3D Printed/Additively Manufactured Titanium Alloy Fuel Tank: A Major Leap in the Space Industry
By Mufaddal Shakir
8/28/20252 min read
3D Printed/Additively Manufactured Titanium Alloy Fuel Tank: A Major Leap in the Space Industry
The Korea Institute of Industry Technology (KITECH) has achieved a significant breakthrough in the world of additive manufacturing by managing to 3D print a titanium alloy fuel tank for space travel application. This collaborative project was led by the Korea Aerospace Research Institute (KARI), KP Aviation Industries, Hanyang University, and AM Solutions.
A space rocket fuel tank is one of the most important components of a space vehicle. The majority of today's launch vehicles use liquid-fueled rockets. The fuel tank is designed to store this liquid fuel at extremely low temperatures (cryogenic conditions). The fuel tank must be lightweight and mechanically strong, capable of surviving extreme temperatures, pressures, chemical reactivity, and structural vibrations. The rocket fuel tanks are usually developed using the forging process, which is a time-consuming manufacturing technique. Thus, scientists have found a way to 3D print the fuel tank, which could save the manufacturing time.
3D printing of fuel tank
The fuel tank was 3D-printed using the Directed Energy Deposition (DED) technique, in which the fuel tank was created by melting and depositing Ti64 titanium alloy using a high energy source such as a laser. The fuel tank was printed in two halves and was then welded together. The diameter of the fuel tank was 640 mm. The 3D printing of the fuel tank was just completed in three days. The whole fabrication process was done in three weeks, which is faster in comparison to the traditional manufacturing.
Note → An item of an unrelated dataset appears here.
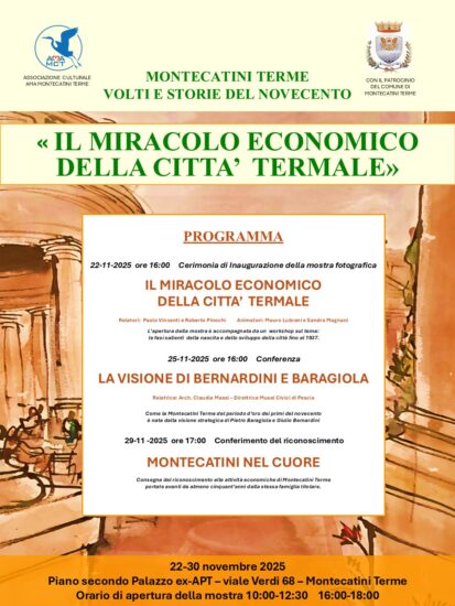 La manifestazione è curata dall’Ass. AMA MONTECATINI TERME nell’ambito dell’iniziativa culturale “Montecatini Terme volti e storie del ‘900”, che intende porre l’attenzione sulla storia della città nel periodo intercorso tra la fine del 1800 e tutto il ‘900: questo è il periodo in cui Montecatini Terme è passata dall’essere un luogo malarico noto per la presenza di fonti termali alla stazione turistica termale più famosa del mondo, raccontando attraverso testimonianze fotografiche e cronache di vita vissuta, come si è evoluta la storia della nostra cittadina, grazie allo sviluppo degli stabilimenti termali e all’incremento commerciale e culturale.

3D printed fuel tank (Source: KAMIC)
Success in the durability test
The fuel tank was subjected to a critical durability test to see if it could survive the extreme pressure and lower temperatures in the space. The test involved placing the fuel tank in a closed chamber with liquid nitrogen at -196 ℃, and the pressure as high as 330 bar was applied. Result? The fuel tank remained intact and didn't even crack. The principal researcher, Dr. Lee Hyub, said that this test showed that large-scale 3D-printed structures can reliably withstand cryogenic and high-pressure conditions that simulate actual operating environments.
DED 3d printing of fuel tank (Source: KAMIC)
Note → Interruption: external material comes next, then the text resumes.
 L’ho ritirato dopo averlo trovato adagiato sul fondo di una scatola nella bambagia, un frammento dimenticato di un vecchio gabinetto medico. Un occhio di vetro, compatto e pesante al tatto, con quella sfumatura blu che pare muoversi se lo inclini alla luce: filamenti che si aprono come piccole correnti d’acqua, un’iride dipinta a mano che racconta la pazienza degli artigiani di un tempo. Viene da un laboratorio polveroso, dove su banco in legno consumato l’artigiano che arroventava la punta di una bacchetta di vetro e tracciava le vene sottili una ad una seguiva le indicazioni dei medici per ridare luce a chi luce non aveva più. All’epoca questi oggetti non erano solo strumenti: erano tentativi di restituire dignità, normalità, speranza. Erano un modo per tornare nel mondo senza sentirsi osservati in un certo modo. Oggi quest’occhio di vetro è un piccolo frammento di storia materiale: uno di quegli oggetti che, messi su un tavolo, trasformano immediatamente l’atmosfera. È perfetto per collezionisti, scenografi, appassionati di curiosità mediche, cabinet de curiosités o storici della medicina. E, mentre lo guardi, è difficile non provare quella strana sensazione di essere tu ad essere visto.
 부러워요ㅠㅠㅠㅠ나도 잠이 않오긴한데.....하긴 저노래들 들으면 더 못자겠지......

How will 3D printing change the space industry?
The team thinks they have paved the way for quicker, more individualized, and less expensive manufacture by demonstrating that a 3D-printed titanium tank can satisfy rigorous spaceflight requirements. Space industries may eventually be able to print parts to order and launch them much sooner than previously if those upcoming tests are successful.